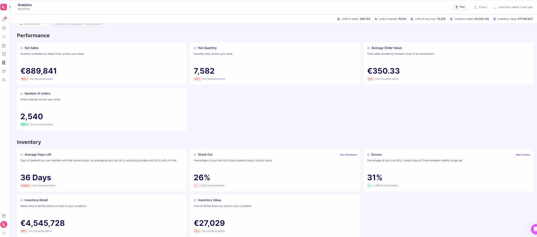 - Its reports and analytics allow you to track your inventory’s retail and total value, showing how much stock is tied up. Prediko also highlights top product performance, tracks due purchase orders, and offers insights for SKU management.
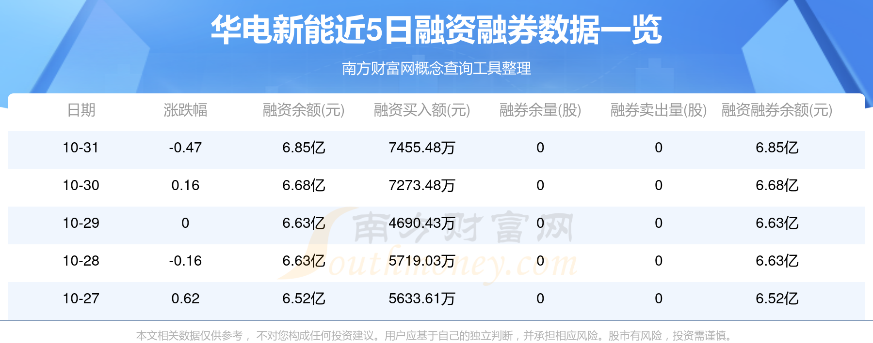 10月31日华电新能融券信息显示,融资方面,当日融资买入7455.48万元,融资偿还5784.69万元,融资净买额1670.79万元。近5日融资融券数据一览见下表:
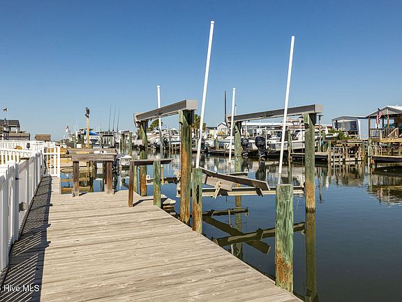 Canal front home in AB offers gorgeous water views, supreme sunsets & deep water dockage for multiple boats! This home on a well landscaped fenced lot offers easy access to Bogue Sound, the ICW, sport-fishing & all the sandbars & shores your heart desires. You'll find great indoor & outdoor spaces for living your coastal life! The canal front boat dock has a lift and room for another boat as well as room on the water for more dockage if a buyer would like. There is great concrete space under the street side deck for gathering & a cement patio under the waterside deck for grilling & hanging out entertaining family & friends. Sunsets abound on the waterside upper deck. 1st floor features a bonus room that was used as a third bedroom, a full bath and the entrance to an unusually large storage room for all your beach, water, boat and fishing toys or space to add more living space if needed. The main living area on the 2nd floor, features an open living room/kitchen concept with a gas fireplace for cozy winter days, kitchen bar, ample space for a dining area and lots of south facing windows for tons of natural light. A good size laundry room off the back entrance is convenient when coming in off the boat. Two spacious bedroom and baths complete the interior of this waterfront home with the principal suite having a full-sized walk-in closet. If you have a lot of toys and gear, you will be very happy with an additional under house storage room with it's own separate entrance. And a generator completes this package deal! You'll be a short 5 min bike ride to ''The Circle'' in AB offering a variety of restaurants & beach access. Shopping, other consumer conveniences & the movie theatre in Atlantic Station are a short drive away. Across bridge on the mainland in Morehead City are schools, hospital facilities & lots more restaurants & shops. It's time you enjoyed the island life. Purposeful permanent or 2nd home living on the Crystal Coast can be yours!
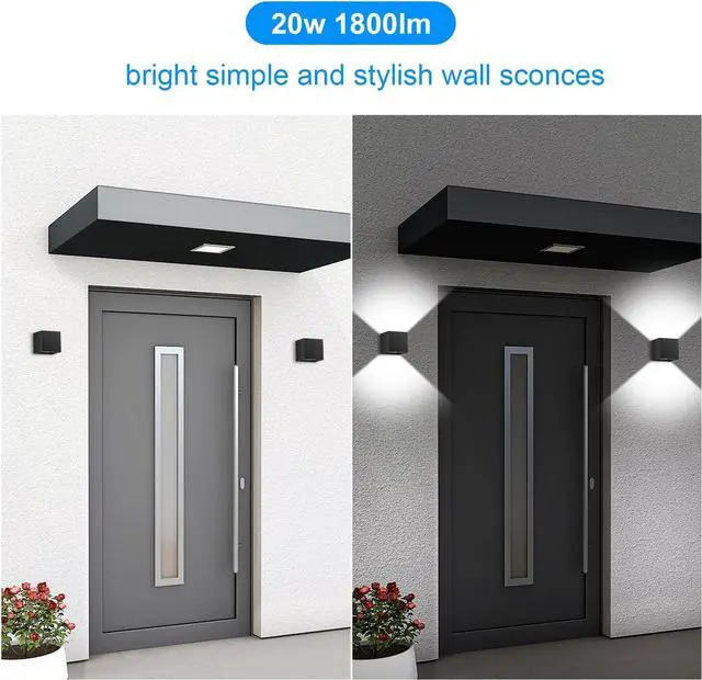 Energy Saving Outdoor Wall SconceThis 20W modern outdoor wall sconce delivers 1800lm of ultra-bright lighting. This porch light' s COB LED chips reducing energy use by up to 80% and eliminating frequent replacement.

○ ○ ○ ○ ○

■ **PROBLEM TO WORK ON**
A word-for-word reprint of the listing above is needed, minus the pictures.

■ **RESULT**
 - Its reports and analytics allow you to track your inventory’s retail and total value, showing how much stock is tied up. Prediko also highlights top product performance, tracks due purchase orders, and offers insights for SKU management.
 10月31日华电新能融券信息显示,融资方面,当日融资买入7455.48万元,融资偿还5784.69万元,融资净买额1670.79万元。近5日融资融券数据一览见下表:
 Canal front home in AB offers gorgeous water views, supreme sunsets & deep water dockage for multiple boats! This home on a well landscaped fenced lot offers easy access to Bogue Sound, the ICW, sport-fishing & all the sandbars & shores your heart desires. You'll find great indoor & outdoor spaces for living your coastal life! The canal front boat dock has a lift and room for another boat as well as room on the water for more dockage if a buyer would like. There is great concrete space under the street side deck for gathering & a cement patio under the waterside deck for grilling & hanging out entertaining family & friends. Sunsets abound on the waterside upper deck. 1st floor features a bonus room that was used as a third bedroom, a full bath and the entrance to an unusually large storage room for all your beach, water, boat and fishing toys or space to add more living space if needed. The main living area on the 2nd floor, features an open living room/kitchen concept with a gas fireplace for cozy winter days, kitchen bar, ample space for a dining area and lots of south facing windows for tons of natural light. A good size laundry room off the back entrance is convenient when coming in off the boat. Two spacious bedroom and baths complete the interior of this waterfront home with the principal suite having a full-sized walk-in closet. If you have a lot of toys and gear, you will be very happy with an additional under house storage room with it's own separate entrance. And a generator completes this package deal! You'll be a short 5 min bike ride to ''The Circle'' in AB offering a variety of restaurants & beach access. Shopping, other consumer conveniences & the movie theatre in Atlantic Station are a short drive away. Across bridge on the mainland in Morehead City are schools, hospital facilities & lots more restaurants & shops. It's time you enjoyed the island life. Purposeful permanent or 2nd home living on the Crystal Coast can be yours!
 Energy Saving Outdoor Wall SconceThis 20W modern outdoor wall sconce delivers 1800lm of ultra-bright lighting. This porch light' s COB LED chips reducing energy use by up to 80% and eliminating frequent replacement.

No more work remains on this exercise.